**Task details**
Once the line containing "creek, ice and snow in winterscape" is reached, copy it and every line after it exactly, to the end of the material, without pictures.

**Collected data**

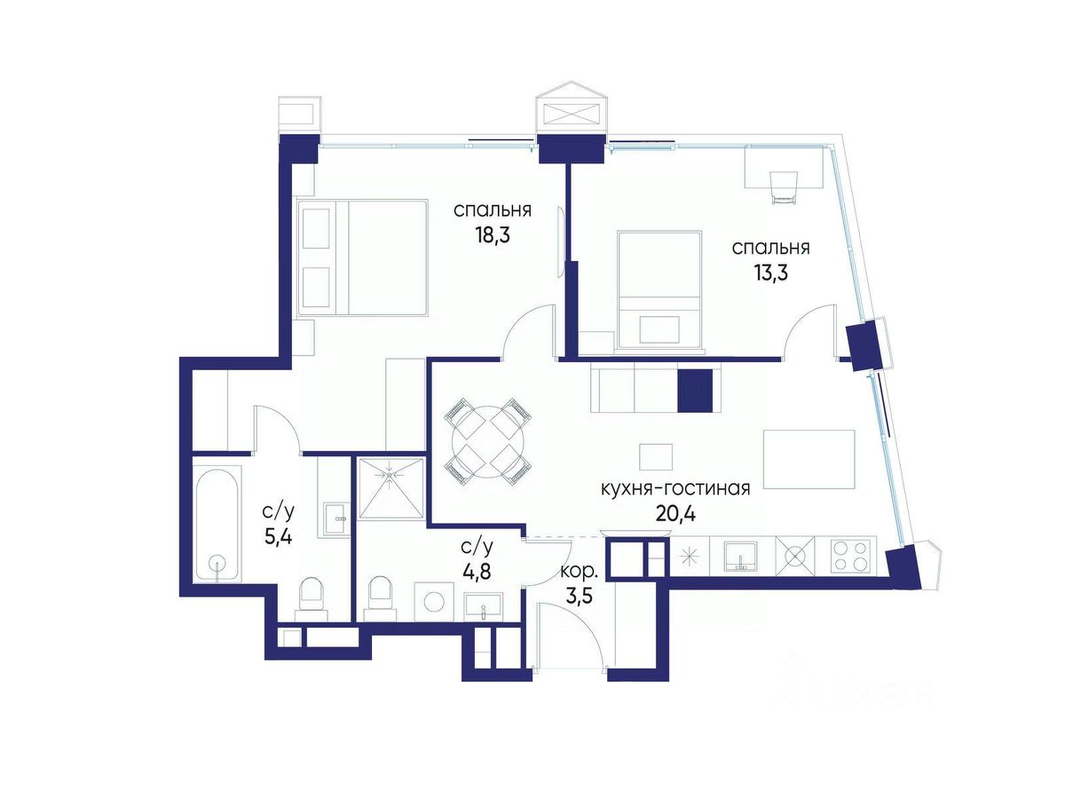 2 совмещенных санузла.
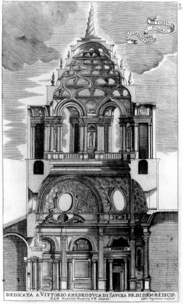 Si riconosce marmo nero di Frabosa nella parte bassa, realizzata da Bernardino Quadri fino a poco oltre l’altezza dell’ordine principale; per quanto realizzato da Guarino Guarini, dal tamburo in su, si riconosce invece marmo bigio (questo è il nome nei documenti) di Frabosa.
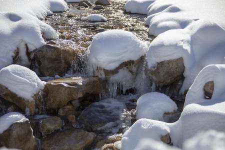 creek, ice and snow in winterscape
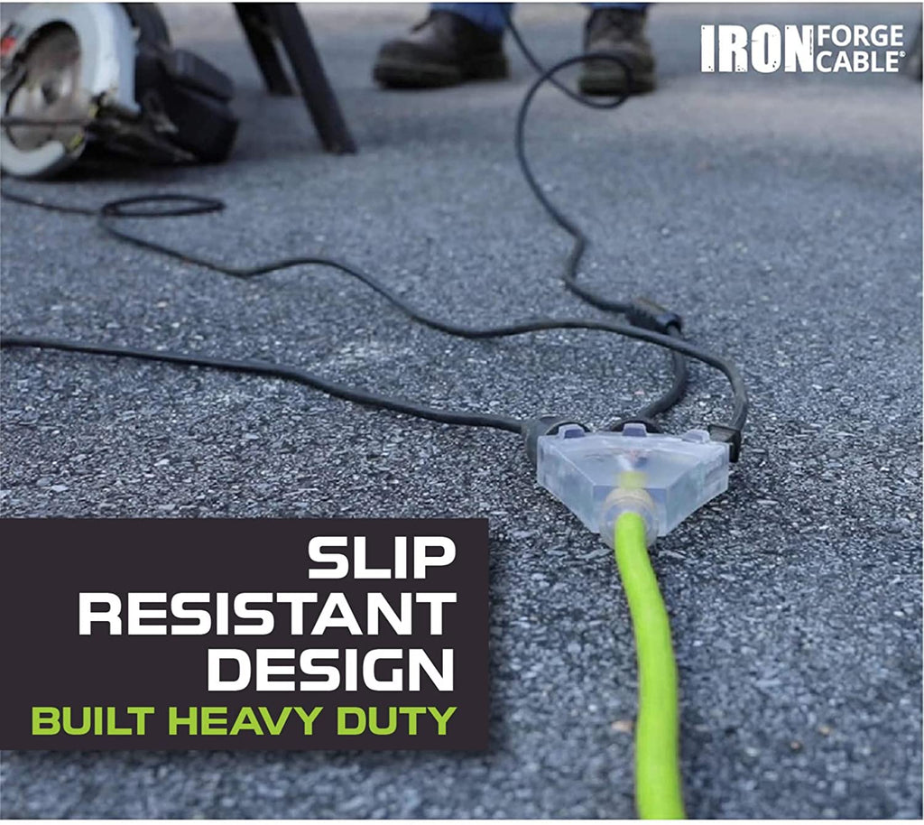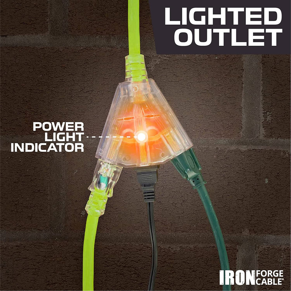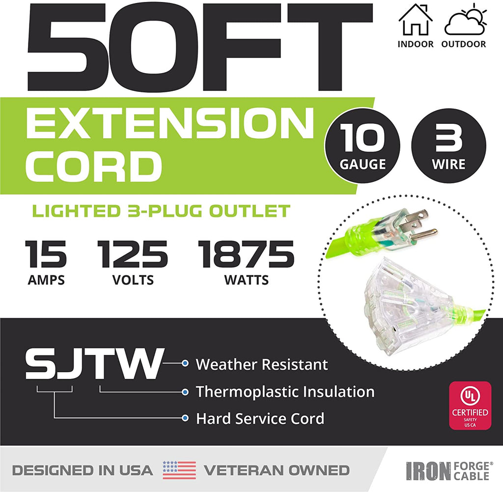 50 Ft Outdoor Extension Cord-3 Outlets-10/3 Neon Green -10 Gauge-3 Prong Plug

**Response**
 creek, ice and snow in winterscape
 50 Ft Outdoor Extension Cord-3 Outlets-10/3 Neon Green -10 Gauge-3 Prong Plug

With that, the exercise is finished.